# Find the closest unvisited visible home

I'm writing a 2d top down game where I perform a lot of "closest" searches between one point and all the rest of the points.

In this example, "me" wants to search for the closest visible house (Home) that I haven't visited yet, and if it is not found, return null.

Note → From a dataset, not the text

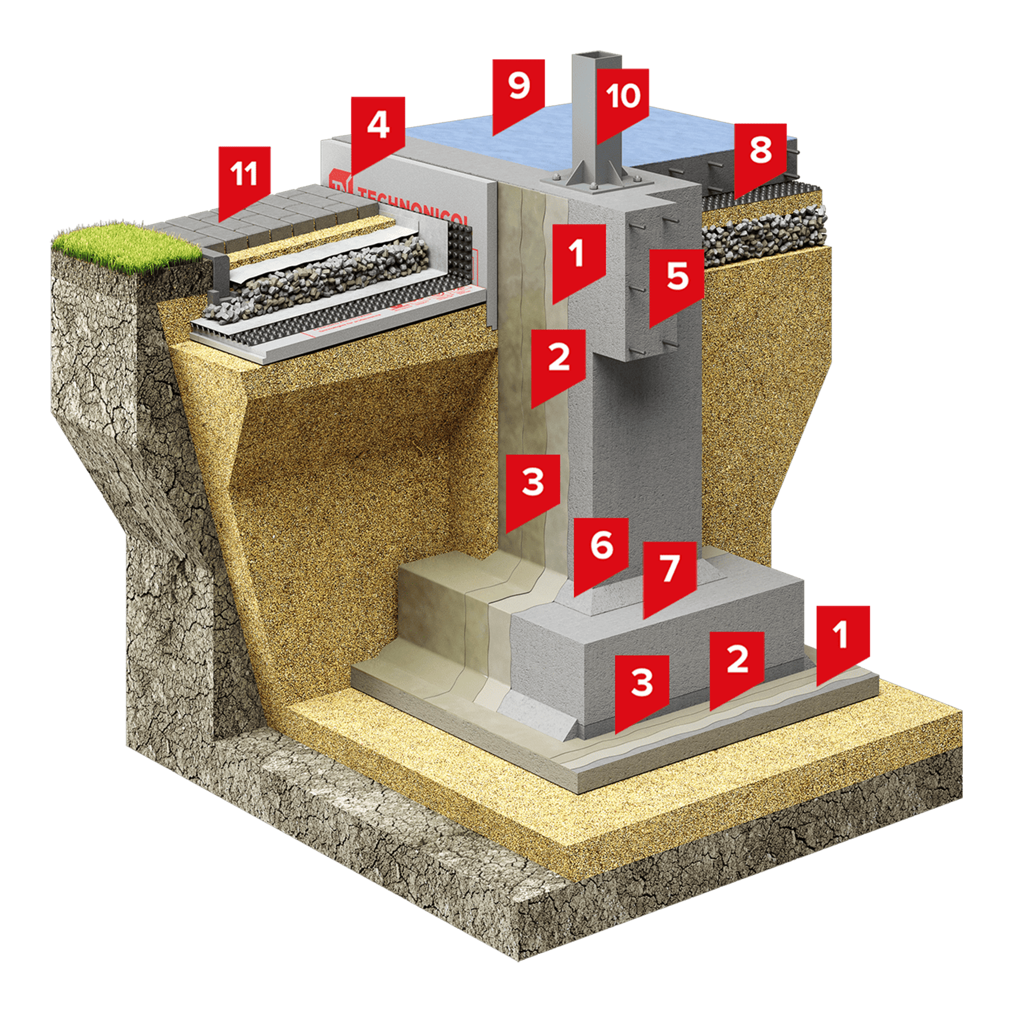 Система изоляции полимерными материалами TAIKOR подземных конструкций, возводимых без  технического этажа или подвального помещения

protected Home getClosestUnvisitedVisibleHome(Person me, final int VISIBLE_ZONE) {
List<Home> visitedHomes = me.getVisitedHomes();
Map<Home, Integer> homeDistances = new HashMap<>();
List<Home> allHomes = getHomes();
allHomes.stream().parallel().forEach(home -> homeDistances.put(home, range(me, home)));
List<Home> unvisitedVisibleHomes = allHomes.stream().parallel().filter(
home -> !visitedHomes.contains(home) && homeDistances.get(home) <= VISIBLE_ZONE
).collect(Collectors.toList());
unvisitedVisibleHomes.sort((home1, home2) -> homeDistances.get(home1).compareTo(homeDistances.get(home2)));
try {
return unvisitedVisibleHomes.get(0);
} catch (IndexOutOfBoundsException e) {
return null;
}
}

protected int range(VisibleEntity visibleEntity, VisibleEntity me) {
return (int)Math.sqrt(Math.pow((visibleEntity.xy[0] - me.xy[0]), 2) + Math.pow((visibleEntity.xy[1] - me.xy[1]), 2));
}


I'm looking for suggestions on how to optimize this particular function and or any suggestions of its content.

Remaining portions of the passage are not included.